◆ Exercise aim: Omit every picture. Return all other data as it stands.

◆ Supplied data:
* * *
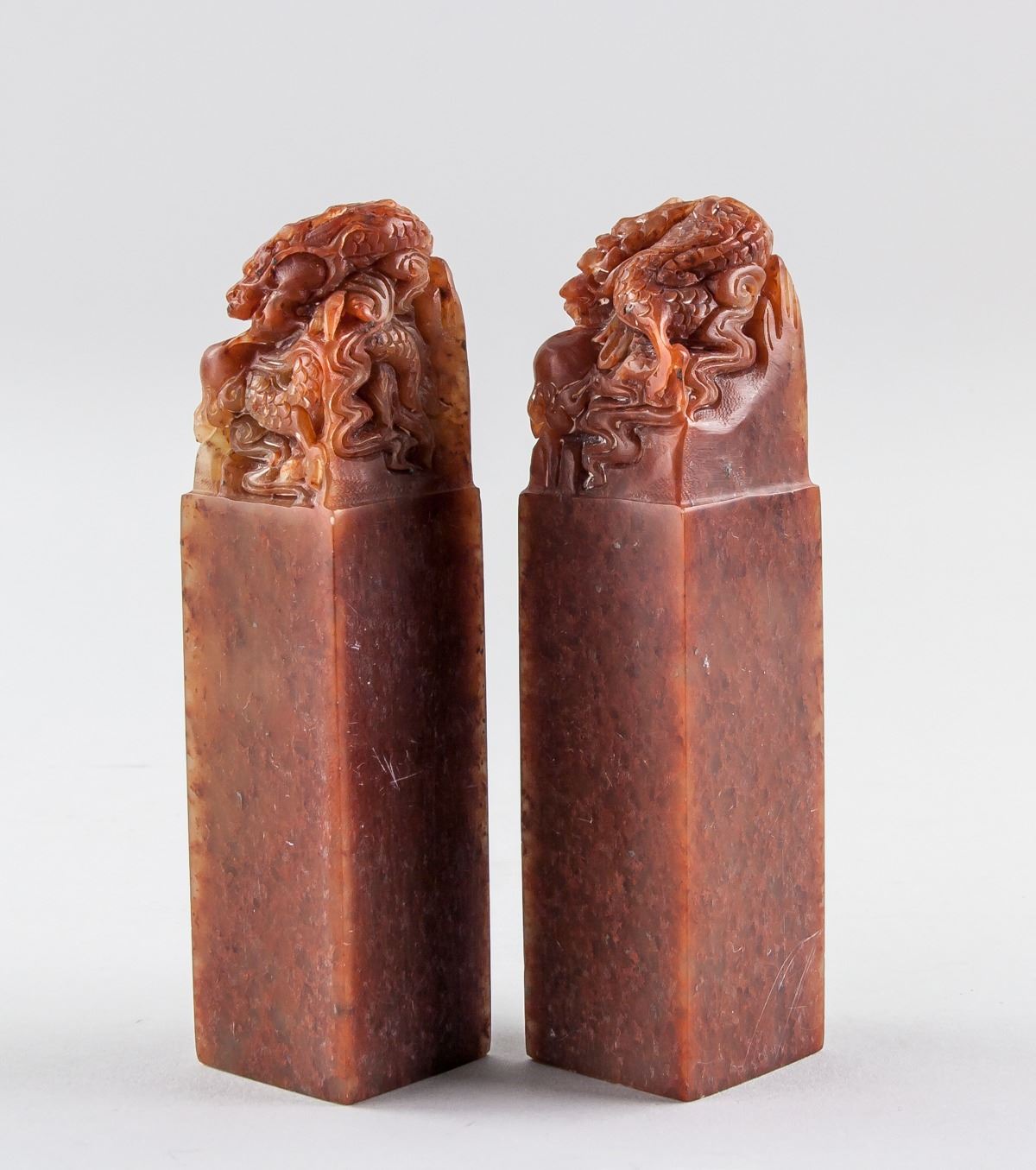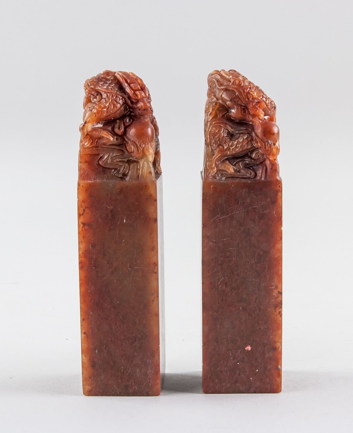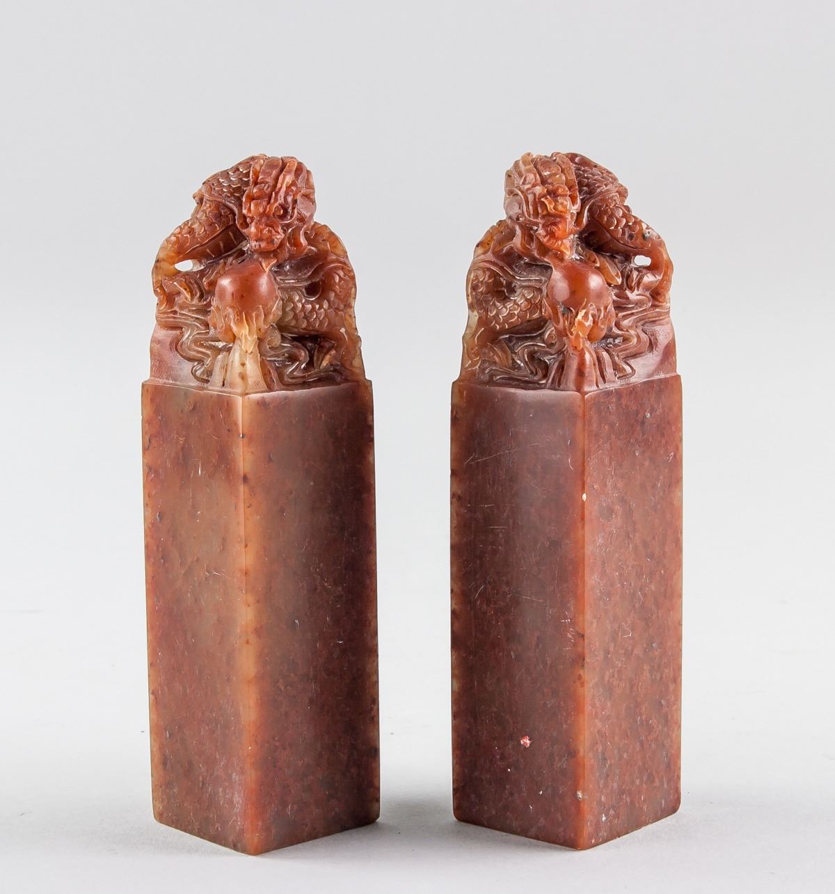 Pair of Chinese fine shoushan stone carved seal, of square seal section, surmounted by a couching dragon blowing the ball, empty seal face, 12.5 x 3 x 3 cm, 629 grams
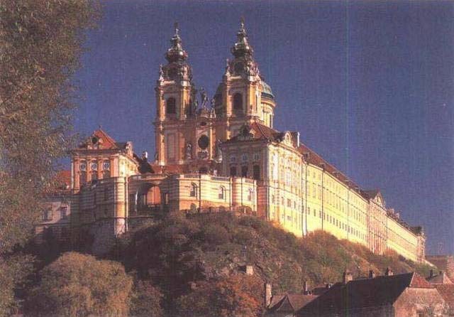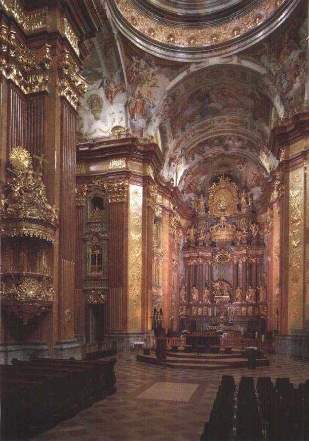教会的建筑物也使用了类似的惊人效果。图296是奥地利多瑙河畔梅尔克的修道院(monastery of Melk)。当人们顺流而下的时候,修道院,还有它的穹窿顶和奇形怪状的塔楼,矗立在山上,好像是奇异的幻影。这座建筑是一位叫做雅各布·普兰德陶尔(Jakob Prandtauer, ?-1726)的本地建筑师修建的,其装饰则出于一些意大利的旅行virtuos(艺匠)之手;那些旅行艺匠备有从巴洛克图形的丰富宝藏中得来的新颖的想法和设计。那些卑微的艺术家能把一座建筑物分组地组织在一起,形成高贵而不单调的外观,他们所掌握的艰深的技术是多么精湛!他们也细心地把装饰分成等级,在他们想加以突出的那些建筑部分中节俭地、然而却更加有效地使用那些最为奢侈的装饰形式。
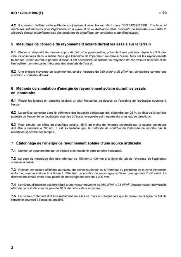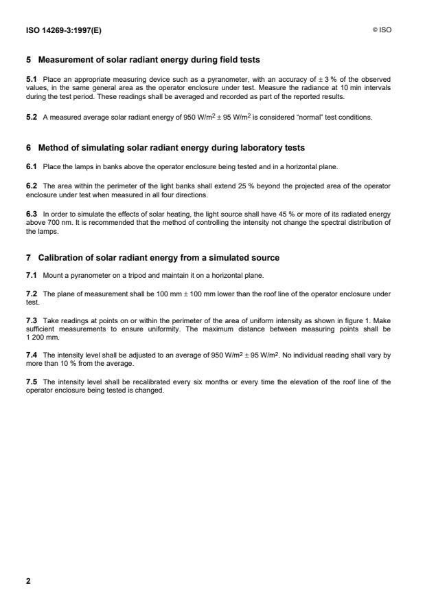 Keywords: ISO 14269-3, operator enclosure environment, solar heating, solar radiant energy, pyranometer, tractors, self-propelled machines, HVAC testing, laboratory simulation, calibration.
* * *
◆ Task response:
 Pair of Chinese fine shoushan stone carved seal, of square seal section, surmounted by a couching dragon blowing the ball, empty seal face, 12.5 x 3 x 3 cm, 629 grams
教会的建筑物也使用了类似的惊人效果。图296是奥地利多瑙河畔梅尔克的修道院(monastery of Melk)。当人们顺流而下的时候,修道院,还有它的穹窿顶和奇形怪状的塔楼,矗立在山上,好像是奇异的幻影。这座建筑是一位叫做雅各布·普兰德陶尔(Jakob Prandtauer, ?-1726)的本地建筑师修建的,其装饰则出于一些意大利的旅行virtuos(艺匠)之手;那些旅行艺匠备有从巴洛克图形的丰富宝藏中得来的新颖的想法和设计。那些卑微的艺术家能把一座建筑物分组地组织在一起,形成高贵而不单调的外观,他们所掌握的艰深的技术是多么精湛!他们也细心地把装饰分成等级,在他们想加以突出的那些建筑部分中节俭地、然而却更加有效地使用那些最为奢侈的装饰形式。
 Keywords: ISO 14269-3, operator enclosure environment, solar heating, solar radiant energy, pyranometer, tractors, self-propelled machines, HVAC testing, laboratory simulation, calibration.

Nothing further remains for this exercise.